I’ll end with Wilfred’s closing line in Taboo: “God bless America.”


Image by U. J. Alexander on Adobe; Asset ID#: 471405027

  1. A minor correction from the author: In the past Rob Steinbuch served on the UALR law school personnel committee but did not chair that committee.

    1. Updated to read: “Steinbuch noted that when he was on the law school’s personnel committee…”

  2. Prof. Maranto, I do not understand this distinction:
    “To be clear, I am not saying racial essentialists are bad people. Many are good people with bad ideas.”
    How would you define a “good person” if not with reference to their ideas? What would make them “good” and exclude their judgements and actions based on those ideas?

    “As my postal worker father often said, someone’s race tells you little about their condition, much less their character.”
    What would your father have said made someone’s character, if not their ideas?

    1. Hi Jeff,
      I would say that good people have bad ideas all the time, throughout history…and today. Wilfred Reilly and I make an empirical case that policies inspired by the Black Lives Matter movement killed thousands of (mainly Black) people, and dozens of cops. Some of this was done by manipulative people maximizing their power and income, like a particular Harvard prof we quote in the piece, but most came from people who were well-meaning, but terribly misinformed. See our Skeptic piece: Black Lives Matter vs. Black Lives Saved: The Urgent Need for Better Policing. On school board, I worked with a communist, a nice person who was terribly misinformed (but we agreed that the schools needed to teach reading and math better). I’ve known and worked with people I consider racist (granted a fuzzy term), of both the woke and traditional varieties. But they loved their families and even had friends among the groups they disliked. In the real world, people are complicated and you can change hearts by your example better than by hectoring others.

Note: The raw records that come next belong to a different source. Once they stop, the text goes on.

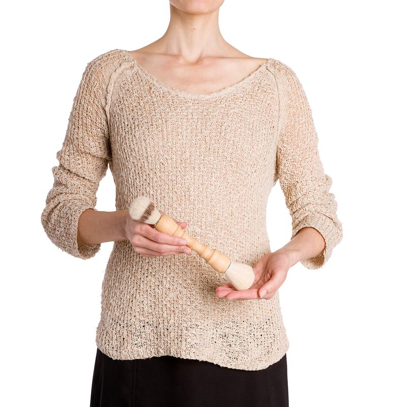 An all-surface cleaning assistant, the Redecker Double Dust Brush with Goat Hair and Pig Bristles Brush Heads gently-yet-thoroughly cleans filth from your furniture.
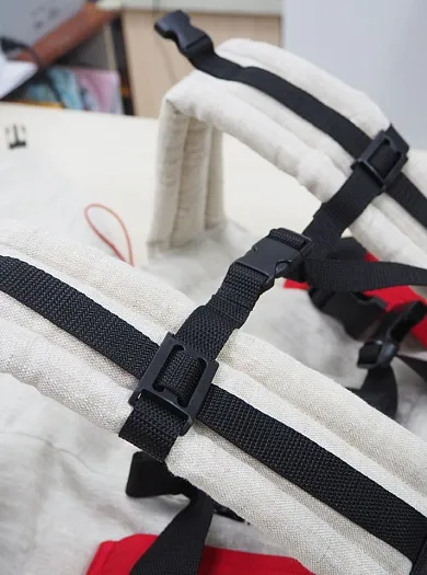 - Во избежание кардинального нарушения позиции ребенка в рюкзачке не ослабляйте лямки и пояс слишком сильно.
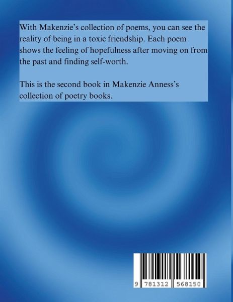 With Makenzie's collection of poems, you can see the reality of being in a toxic friendship. Each poem shows the feeling of hopefulness after moving on from the past and finding self-worth. This is the second book in Makenzie Anness's collection of poetry books.
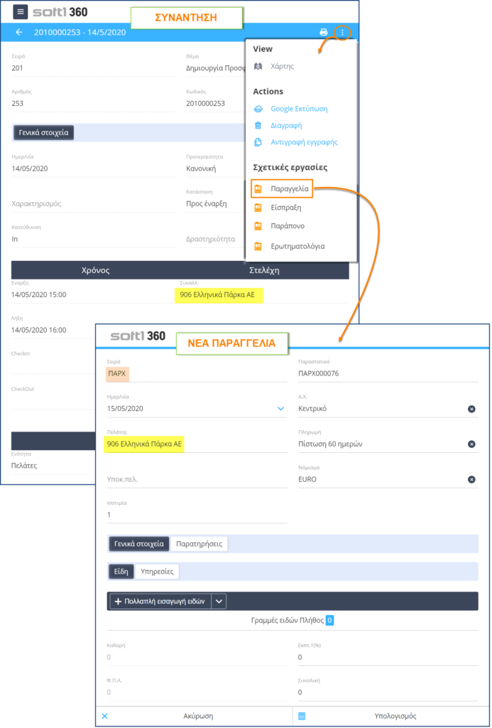 Με καινοτόμες λύσεις όπως αυτή του Mobile s360 μπορείτε να τρέχετε την επιχείρηση σας από παντού. Από οποιαδήποτε συσκευή tablet/smartphone ή υπολογιστή μπορείτε να συνδεθείτε στην πλατφόρμα του Soft1 s360 και να εργαστείτε επικοινωνόντας με πελάτες,προμηθευτές και συνεργάτες όπου και αν βρίσκεστε. Αυτό σημαίνει ότι και στον χώρο του πελάτη ή του προμηθευτή σας θα έχετε άμεση πρόσβαση στα εταιρικά σας στοιχεία όπως είναι π.χ. οι καρτέλες πελατών ή τα υπόλοιπα ειδών. Επιπρόσθετα, θα μπορείτε να κάνετε καταχωρήσεις παραστατικών(π.χ. παραγγελίες) ή καταχώρηση των στοιχείων ενός νέου ή υποψήφιου πελάτη.
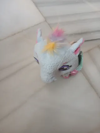 Adorable peluche con forma de unicornio. - Color blanco con detalles brillantes. - Melena y cola multicolor (rosa, amarillo, lila). - Ojos grandes y morados. - Orejas y patas con acabado brillante.
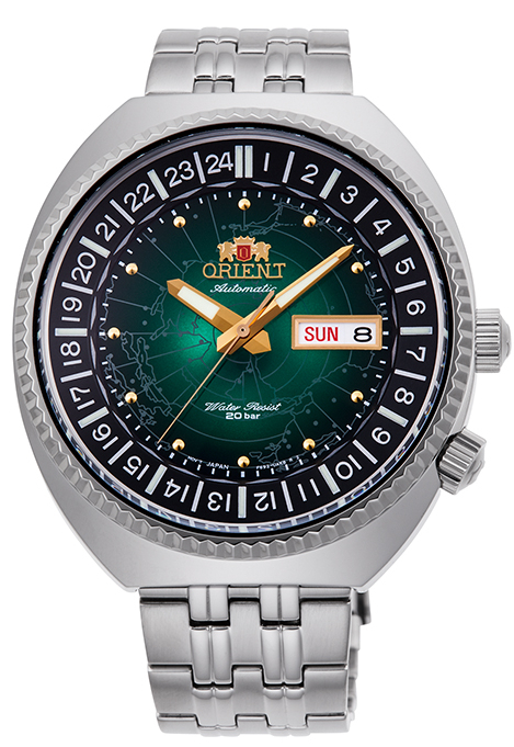 Orient RA-AA0E02E19B on 1960-luvun herätysmalli, jossa on runsaasti vanhan maailman charmia. Tässä kappaleessa on soikea runko ja ruostumattomasta teräksestä valmistettu ranneke sekä vihreä kellotaulu, joka antaa kellolle erittäin ainutlaatuisen ulkoasu. Kellossa on yksisuuntainen kehys 24-tunnin ajan näytöllä sekä day-date päivämääränäyttö kellotaulun klo 3 kohdalla. Koneistona toimii F6922 -automaattikoneisto 40 tunnin tehoreservillä. Rungon leveys on 43,5 mm ja paksuus 14 mm. Teräsranneke on pituudeltaan 150 - 205 mm ja leveydeltään kiinnityskohdasta 20 mm. Kello kuuluu vesitiiviysluokkaan 200m / 20atm, joten se on erikoisvesitiivis ja soveltuu uintiin ja laitesukellukseen.
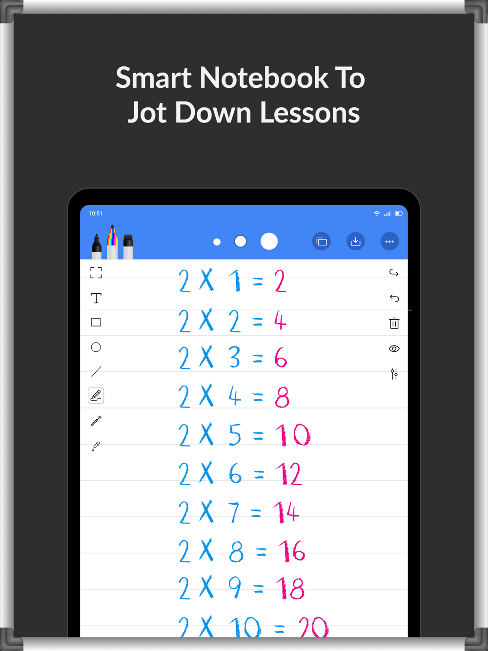 The chalkboard app mimics a traditional whiteboard, but has additional features such as the ability to save, erase, undo and redo actions.
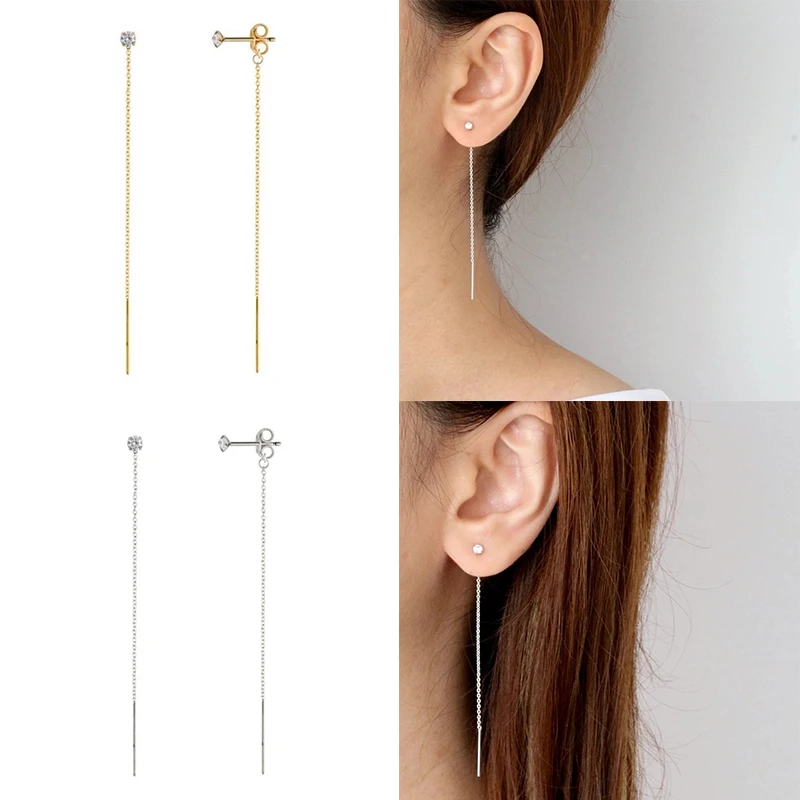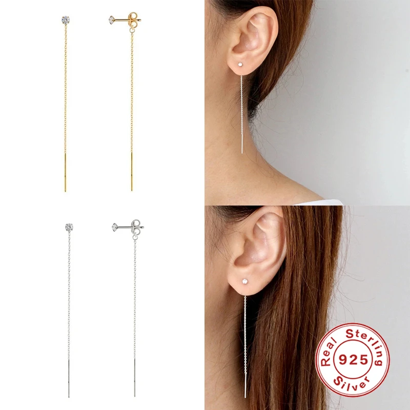 GS 925 Стерлинговое Серебро длинная цепь кисточкой серьги линии с у...

    2. OK — What about the practice of 18th Century medicine. Those doctors were good people who genuinely wanted to cure disease but had some really bad ideas such as bleeding and ingesting poisons (e.g. Mercury, a neurotoxin) to treat Syphilis.

      I don’t know if we ever actually put it into toothpaste, but we did nearly everything else with Asbestos and those were all really bad ideas, as was lining our iron water pipes with lead so that we didn’t have rusty water. It worked — but the lead leached into the water, particularly if it was acidic water, e.g. Flint, Michigan.

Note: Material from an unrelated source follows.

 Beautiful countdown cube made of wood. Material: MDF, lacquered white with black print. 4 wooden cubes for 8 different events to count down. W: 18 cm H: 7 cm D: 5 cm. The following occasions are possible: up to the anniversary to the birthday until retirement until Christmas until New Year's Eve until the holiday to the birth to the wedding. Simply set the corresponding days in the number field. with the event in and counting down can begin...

      Thalidomide was a well-intended effort to help pregnant women avoid morning sickness — except a very bad idea in that it caused some horrific birth defects. DDT nearly exterminated the Bald Eagle. MBTE, a very bad idea that contaminated wells that had provided drinking water, had been a well-intended effort to reduce air pollution.

      Some (not all) of the DEI people are truly nice people who would like to see a world where everyone is nice to each other and gets along with each other — I would too. It’s just that their ideas as to how they would accomplish this noble goal are quite bad. Good people, bad ideas — just like the folks who gave us DDT.

  3. “In contrast, last year’s hiring committee missed red flags, or perhaps did not perceive them as problematic. At any rate, comments like those denouncing Kirk’s mourners, who included much of Arkansas’s political class, as akin to the KKK….”

    The 1692 witch trials ended abruptly when they accused Lady Phips of being a witch.
    Her husband, Royal Governor William Phips, simply abolished the entire court system.

    He abolished the Court of Oyer and Terminer and later replaced it with the Superior Court that Massachusetts has to this day. A squabble amongst “a fractious people” up in Essex County was one thing, and no one wanted to offend the powerful Rev. Cotton Mather. But when the politically powerful got dragged in, he dealt with it. I suspect something similar happened in Arkansas.

    Call me cynical, but I suspect they knew exactly who they were hiring. They wanted the prestige of a radical Black woman and accepted the whites she would inevitably denigrate as being collateral damage. It never occurred to them that she would be denigrating whites with the ability to fight back.